Question

In: Economics

if the cross-price elasticity between ketchup and hamburgers is -1.2, a 4% increase in the price...

if the cross-price elasticity between ketchup and hamburgers is -1.2, a 4% increase in the price of ketchup will lead to a 4.8%:

a. increase in quantity demanded of ketchup.

b. drop in quantity demanded of hamburgers.

c. increase in quantity demanded of hamburgers.

d. drop in quantity demanded of ketchup.

Solutions

Expert Solution

When due to % change in the price of one goods leads to change in the % change in the quantity demand, it is known as the cross price elasticity demand.

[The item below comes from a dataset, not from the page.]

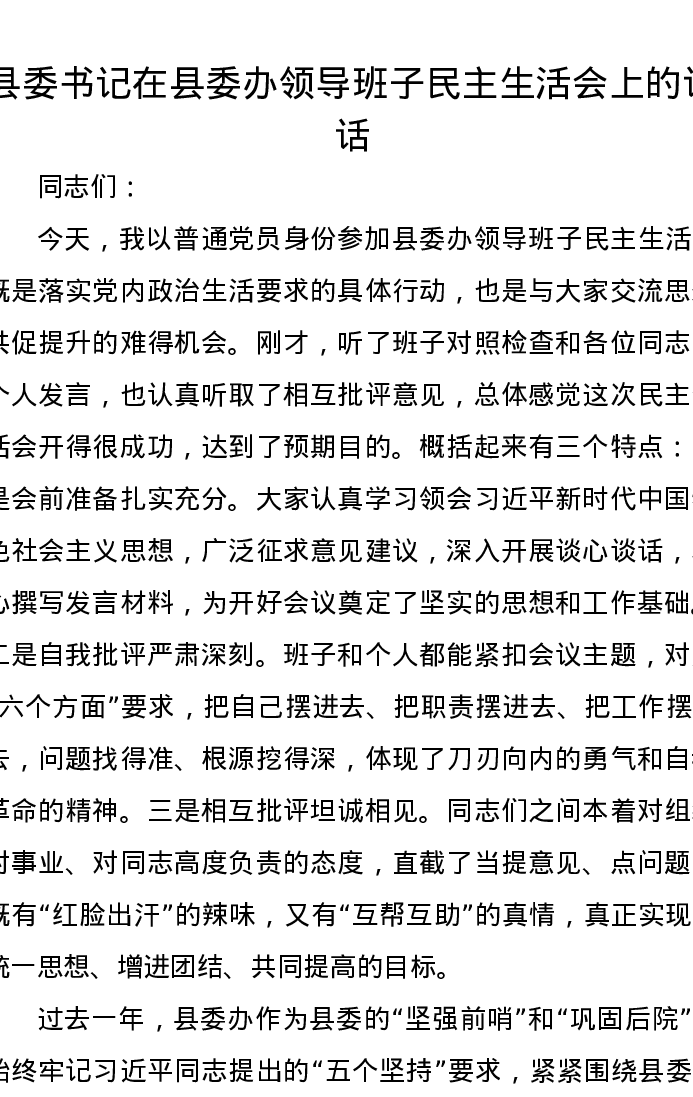 县委书记在县委办领导班子xxxxx上的讲话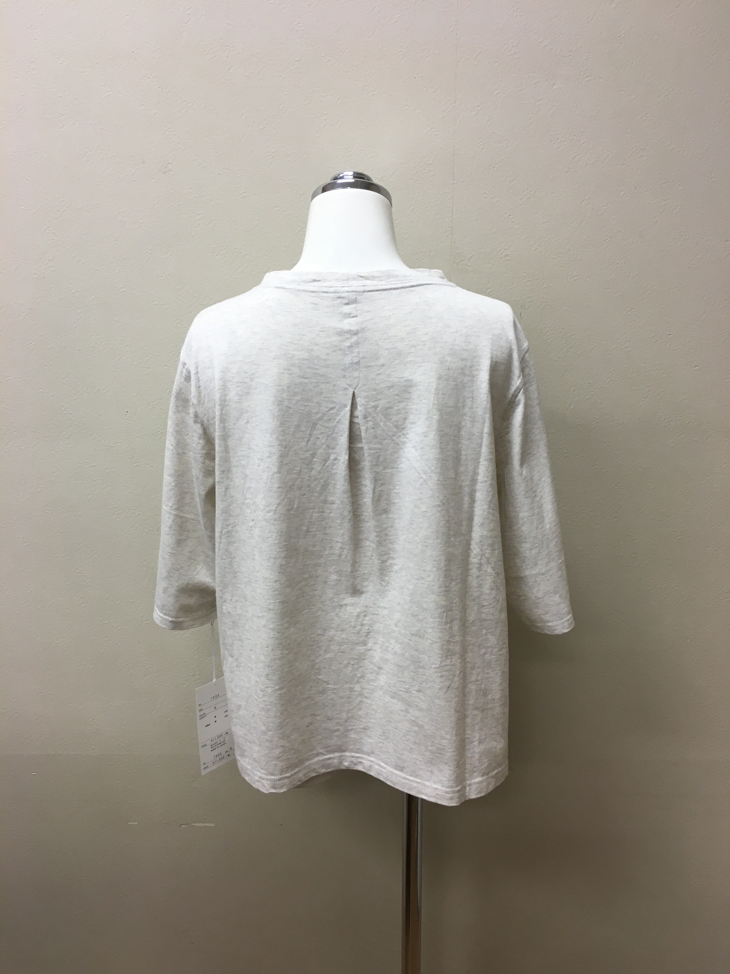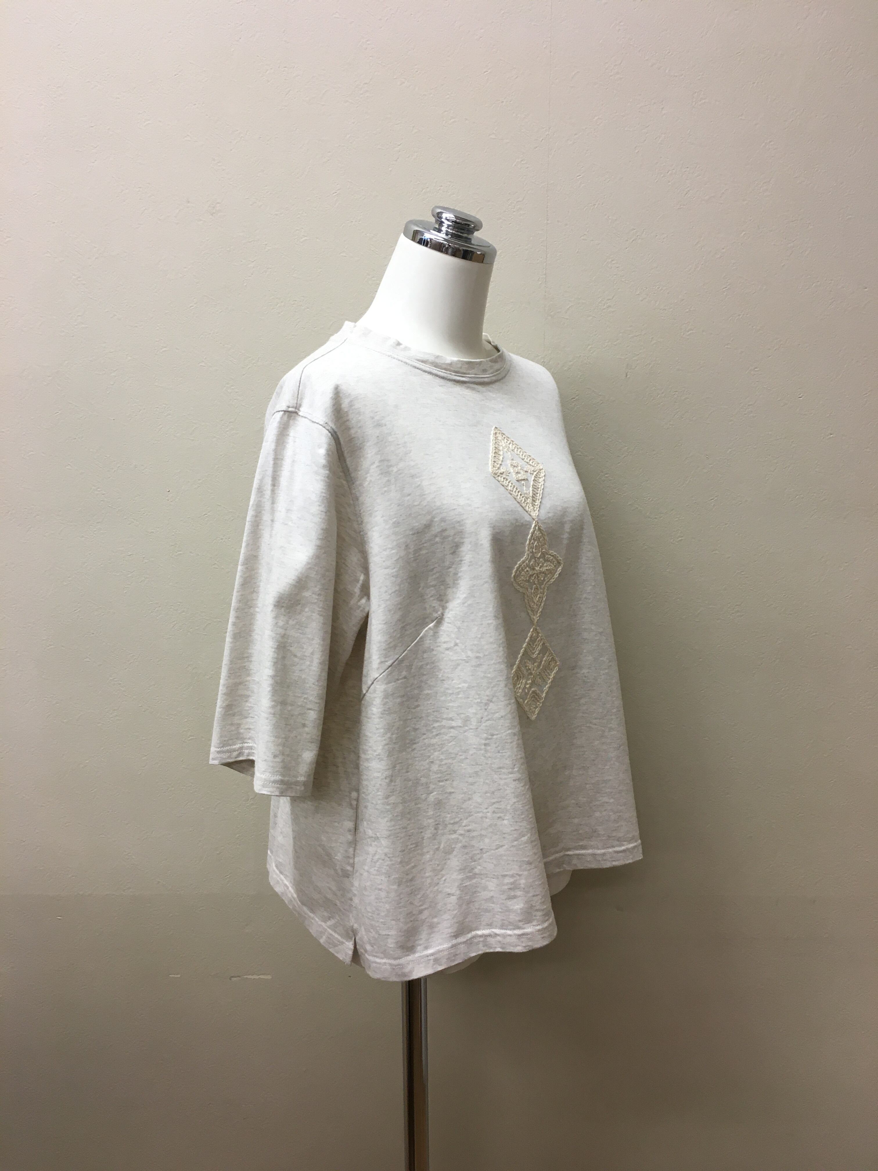 前面の刺繍が印象的なカットソー。衿、背面のタック、ダーツなどディテールにもこだわり着心地を追求してます。シンプルでワンポイントがあるものをお探しの方に。

Cross-price elasticity of demand= % change in the quantity demand/ % change in the price

When the cross-price elasticity demand sign is positive, then both goods will be substitute goods.

When the cross-price elasticity demand sign is negative, then both goods will be complementary goods.

the cross-price elasticity between ketchup and hamburgers is= -1.2

% change in the Qd / % change in price                                   =-1.2

% change in the Qd / 4%                                                           =-1.2

% change in the Qd of hamburger                                              =-1.2*4

                                                                                                     = -4.8%

It means that a 4% increase in the price of ketchup will lead to a 4.8% drop in quantity demanded of hamburgers.

Hence option second is the correct answer.